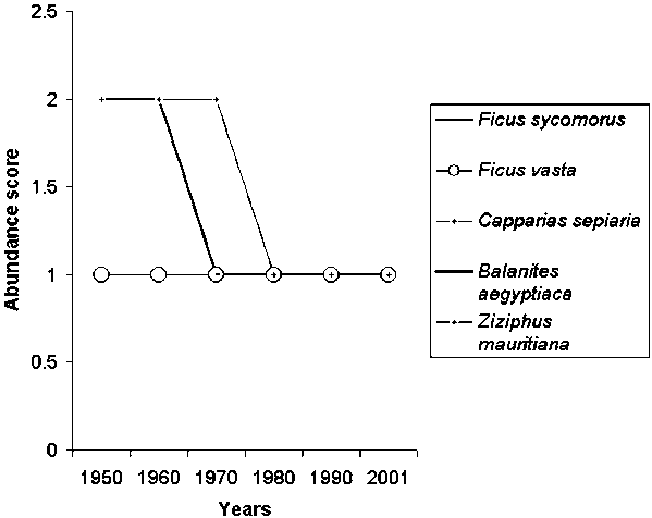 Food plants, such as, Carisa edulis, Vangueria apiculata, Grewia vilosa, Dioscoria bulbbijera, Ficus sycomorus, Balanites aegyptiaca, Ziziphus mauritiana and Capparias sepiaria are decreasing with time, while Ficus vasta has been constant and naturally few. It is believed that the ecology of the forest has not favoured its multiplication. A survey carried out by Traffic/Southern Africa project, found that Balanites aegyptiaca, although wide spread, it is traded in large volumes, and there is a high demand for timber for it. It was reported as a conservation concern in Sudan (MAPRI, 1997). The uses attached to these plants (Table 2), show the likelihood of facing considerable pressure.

--

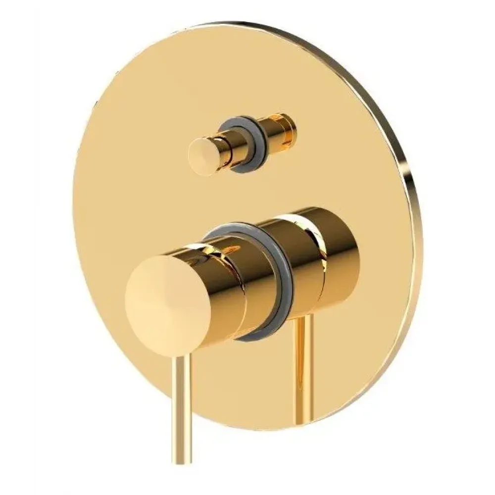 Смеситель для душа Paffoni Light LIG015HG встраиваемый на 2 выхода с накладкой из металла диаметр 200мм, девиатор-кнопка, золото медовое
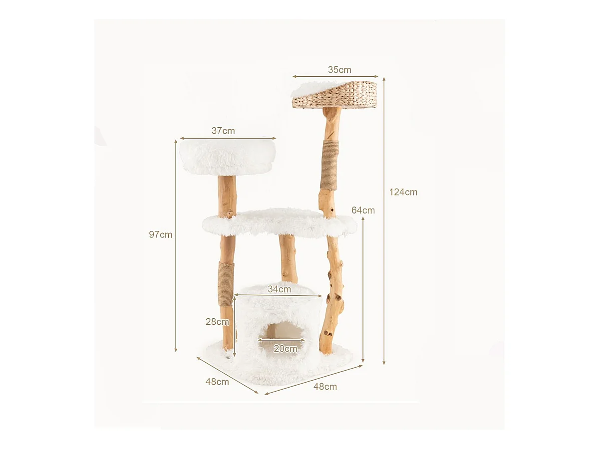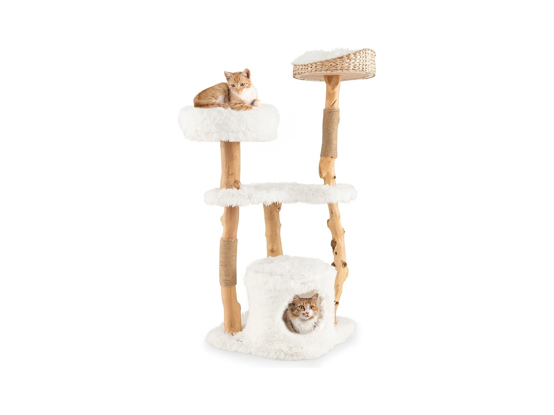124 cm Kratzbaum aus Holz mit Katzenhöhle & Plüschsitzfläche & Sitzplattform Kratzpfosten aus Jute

#### Aim of the exercise
Give again the stretch of the entries above that begins at the line with "Смеситель для душа" and ends at the line with "124 cm Kratzbaum", word for word, with no pictures.

#### Your response
 Смеситель для душа Paffoni Light LIG015HG встраиваемый на 2 выхода с накладкой из металла диаметр 200мм, девиатор-кнопка, золото медовое
124 cm Kratzbaum aus Holz mit Katzenhöhle & Plüschsitzfläche & Sitzplattform Kratzpfosten aus Jute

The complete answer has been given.